# Your least favourite PLL alg?



## VooX (Nov 23, 2007)

So I was just curious, which is your least favourite PLL move to execute?

Personally mine has to be N (either the A or B variation, no preference).

So how about you?

Which PLL perm is your least favourite alg?


PS- you can find letter notation for PLL moves (ie. N, G, U, etc.) here on this posting:
http://www.speedsolving.com/showthread.php?t=708


----------



## Lotsofsloths (Nov 23, 2007)

19 and 20 according to this chart:
http://cubewhiz.com/pllprint.html


----------



## VooX (Nov 23, 2007)

Lotsofsloths said:


> 19 and 20 according to this chart:
> http://cubewhiz.com/pllprint.html



yup those are those pesky N-perms.


----------



## KConny (Nov 23, 2007)

N is probably my slowest. But since I'm turing like hell every second they feel pretty good. But like V and R a is nasty because I stop turning to rotate the cube.


----------



## Lucas Garron (Nov 23, 2007)

Bert/Z (either long or slow, depending on the alg)
F (bad)
E (slow)
V (bad and slow)
N (some good algs out there, but still slow)


----------



## pjk (Nov 23, 2007)

I originally thought N's were the worse, but I have some awesome algs for them now, and both are around 2 seconds.

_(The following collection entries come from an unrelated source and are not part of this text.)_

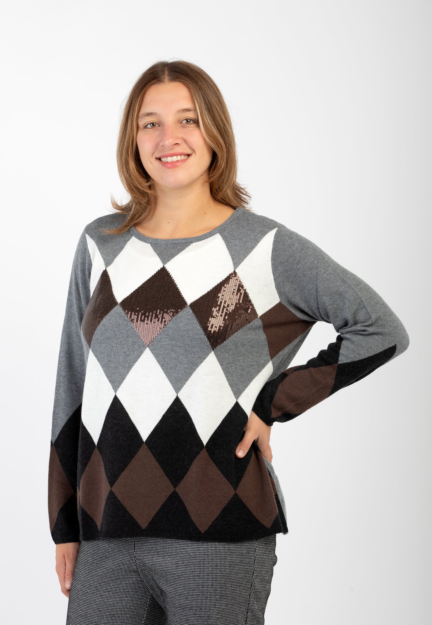 La maglia da donna LUISA VIOLA è un capo elegante e raffinato, pensato per valorizzare ogni look con un tocco di originalità. Realizzata con maniche lunghe, si distingue per la sua particolare fantasia a rombi che dona dinamismo e carattere al design. L’applicazione discreta ma luminosa di paillettes aggiunge una nota di brillantezza, perfetta per chi ama uno stile femminile ma ricercato. Il taglio confortevole garantisce una vestibilità comoda, ideale sia per l’uso quotidiano che per occasioni speciali. Un capo versatile che unisce gusto moderno e dettagli preziosi, firmato dalla qualità e dall’esperienza del brand LUISA VIOLA.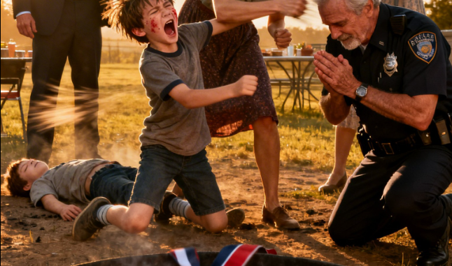 Liam salió corriendo del patio, con el rostro enrojecido y los ojos desorbitados por el pánico. Se detuvo cerca de la hoguera, señalando a Sarah con la justa indignación propia de un niño.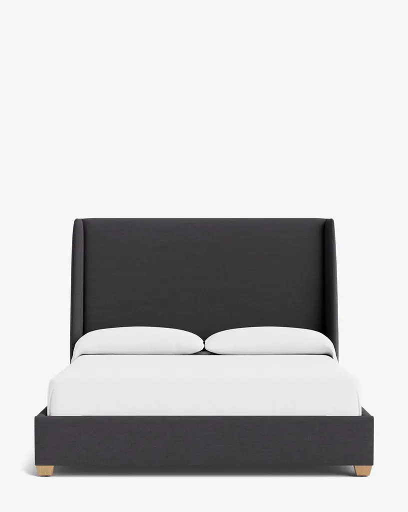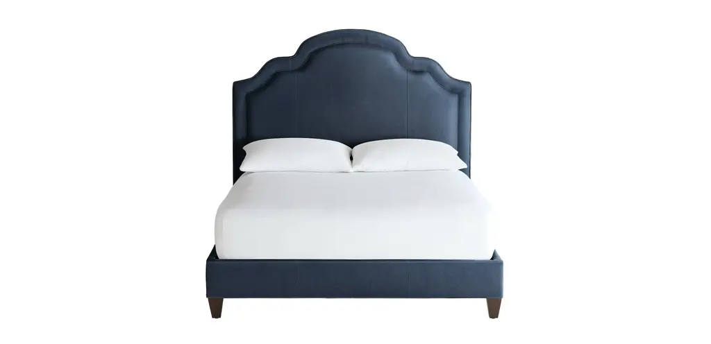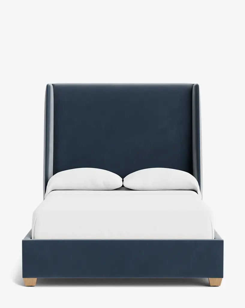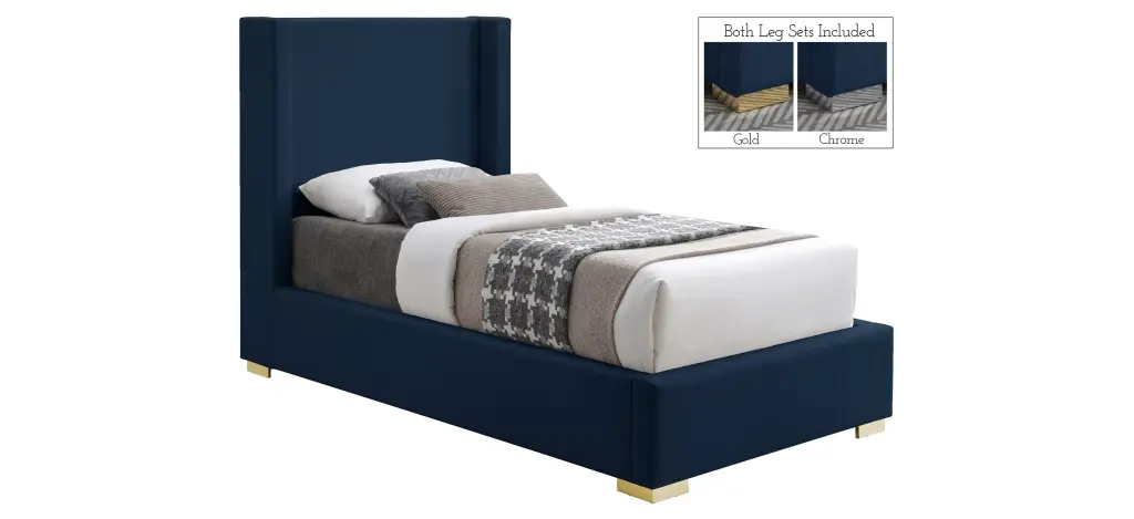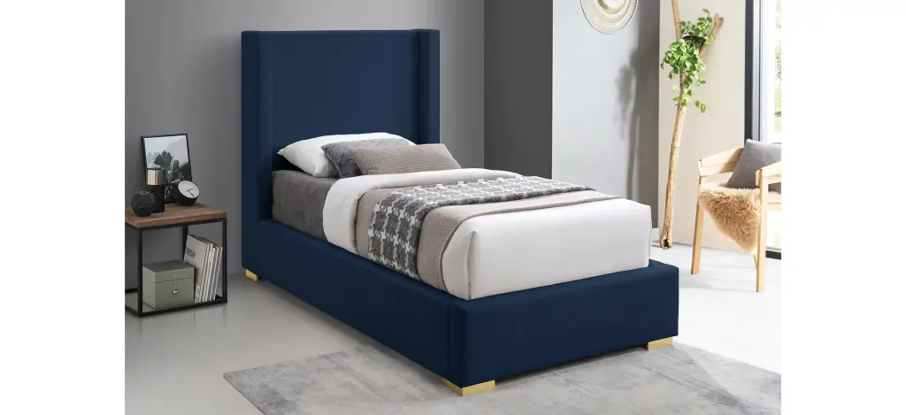 Royce Bed is the star of the show here, with its extra height adding an element of drama to this exceptionally crafted bed. The headboard, sides and footboard of this Royce bed are covered in rich navy linen textured fabric for a sleek yet chic touch. The bed comes with both gold and chrome legs to suit your style preferences.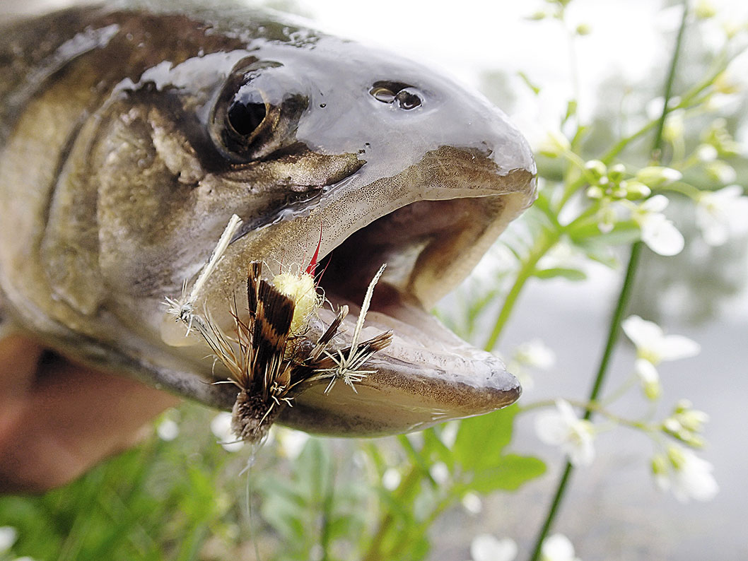• Ausrüstung: Fliegenrute der Klasse 5, schwimmende WF-Schnur, Vorfachspitze 0,18er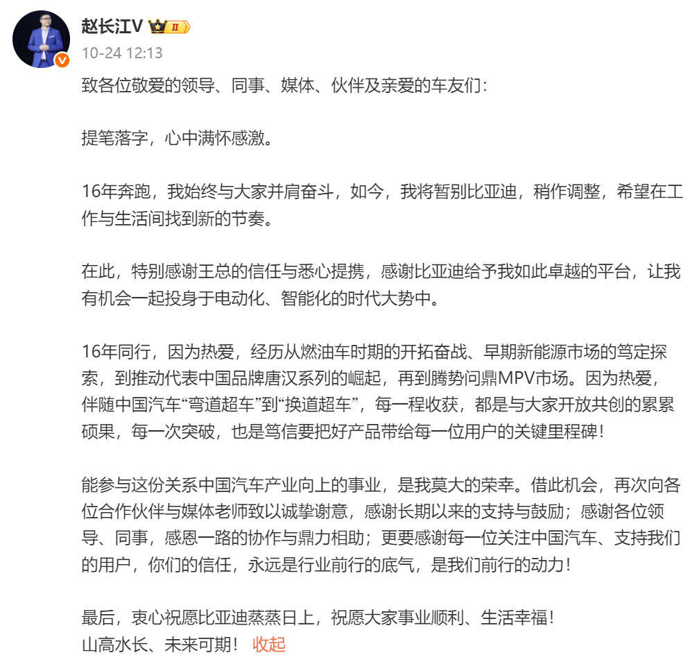 10月24日,腾势方程豹直营事业部总经理赵长江在其个人社交媒体上发文确认离职。他表示,“将暂别比亚迪,稍作调整,希望在工作与生活间找到新的节奏。”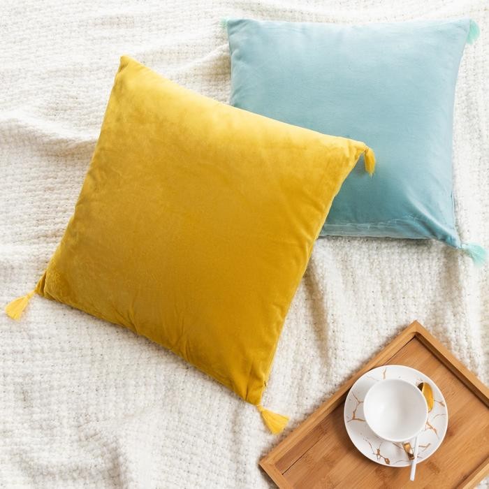 Наволочка на подушку с кисточками Этель цвет голубой, 45×45 см, 100% п/э, велюр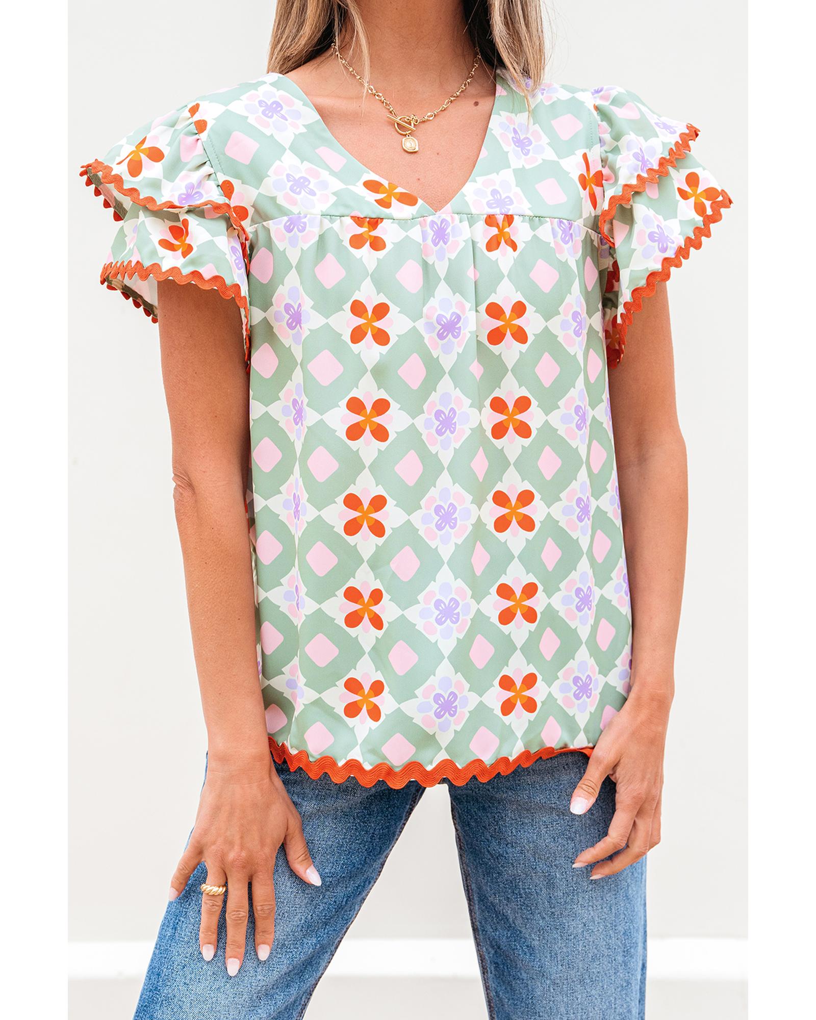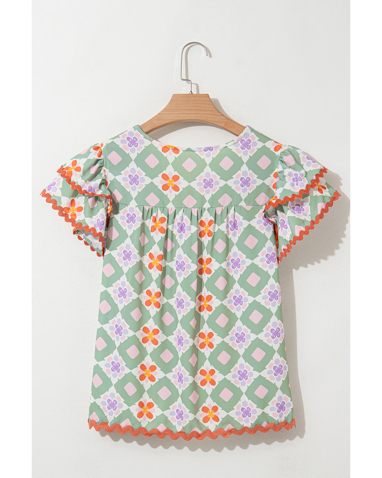 Green Geometric Floral Print Layered Flutter Sleeve V Neck Ric Rac Trim Blouse – XL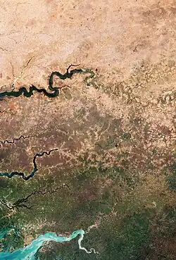 The Sahel is an ecologically (rather than geopolitically) defined region of Africa. The noun Sahel comes from the Arabic sāḥil (Arabic: ساحل) describing a border, shore or edge, which aptly describes the transitional areas of Africa where savanna becomes the hyper-arid Sahara Desert. (According to the Concise Oxford Dictionary of World Place Names, "The Arabs considered the Sahara to be a huge ocean with the Sahel as its shore."[5]) The Sahel crosses Senegal, The Gambia, Mauritania, Mali, Burkina Faso, Ghana, Niger, Nigeria, Cameroon, Chad, Central African Republic, South Sudan, Sudan, and Eritrea in a belt up to 1,000 km (620 mi) wide that spans 5,400 km (3,360 mi) from the Atlantic Ocean in the west to the Red Sea in the east. The Sahel is marked by decreasing levels of precipitation from south to north, but what defines a dryland ecosystem is not necessarily low rainfall. In some cases the dryness is due to persistent high levels of evaporation (due to heat or desiccating winds). Unpredictable rainfall is often also a factor.[6]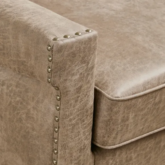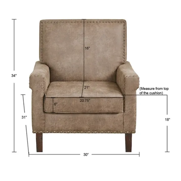 This Brown Martha Stewart Faux Leather Accent Chair Will Make A Charming Addition To Any Room. Its Leather Finish And Comfy Cushions Will Give Your Space A Homey Feeling. Its Contemporary Style Will Elevate Your Space! Chair Measures 30L X 31W X 34H In.; Seat Measures 18H In.Crafted Of Faux Leather With A Wood And Wood Composite Framewalnut Leg Finishupholstered In Brown Polyurethane Leatherfeatures Nailhead Trimweight Capacity: 300 Lbs.Assembly Requirednot Intended For Commercial Usecare: Spot Clean Only.This Item Is Available At Kirklands.Com Only, Not Available In Stores. Please Note: This Item Cannot Be Shipped To Apo/Fpo Addresses.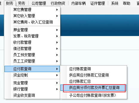 點(diǎn)擊【財(cái)務(wù)】→【應(yīng)付款查詢】→【供應(yīng)商分項(xiàng)付款及開(kāi)票匯總查詢】,在彈出的界面中,如下圖所示,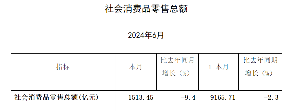 社会消费品零售总额(亿元) 1513.45 -9.4 9165.71 -2.3
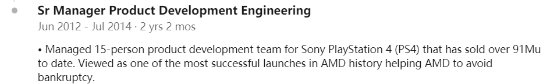 AMD高管简历显示:索尼PS4的成功让AMD免于破产

My worst now is probably the R perm A.


----------



## Karthik (Nov 23, 2007)

My E perm is really bad.
Any good suggestions?


----------



## VooX (Nov 23, 2007)

pjk said:


> I originally thought N's were the worse, but I have some awesome algs for them now, and both are around 2 seconds.
> 
> My worst now is probably the R perm A.



PJK, what algs are you using?

I'm using:
N-a: R' U R' D R'2 U' R U D' R' D R'2 U' R D'

N-b: L' U R' (z) R2 U R' U (z') R U R' (z) R2 U R' (z') R U'



karthikputhraya said:


> My E perm is really bad.
> Any good suggestions?



Good idea karthikputhraya, maybe people could post suggestions for algs a lot of people have trouble with.


----------



## Karthik (Nov 23, 2007)

VooX said:


> Good idea karthikputhraya, maybe people could post suggestions for algs a lot of people have trouble with.



Though there is a pretty neat thread for PLLs algs, I don't find any of the E perms posted there suitable.You can check out the N perms there.May be you will find some alg suitalble you there.


----------



## VooX (Nov 23, 2007)

karthikputhraya said:


> VooX said:
> 
> 
> > Good idea karthikputhraya, maybe people could post suggestions for algs a lot of people have trouble with.
> ...



I don't want to replace that PLL thread!

Maybe if people requested/provided the most troublesome this would be a more concise thread than the every PLL move possible thread.

The N algs I have provided I have only seen in 1 place (as of a month or so ago), and one of them was mistyped (forgive me if I missed a more recent posting of this alg on these forums). This is the method Nakaji used in his PLL attack video.


----------



## TheBB (Nov 23, 2007)

VooX said:


> The N algs I have provided I have only seen in 1 place (as of a month or so ago), and one of them was mistyped (forgive me if I missed a more recent posting of this alg on these forums). This is the method Nakaji used in his PLL attack video.



I use the same ones, just backwards. All the turning is done exclusively with the right hand. They feel quite smooth, but I could definitely be faster.

Up until recently V was my slowest... but I've got a good alg for it now.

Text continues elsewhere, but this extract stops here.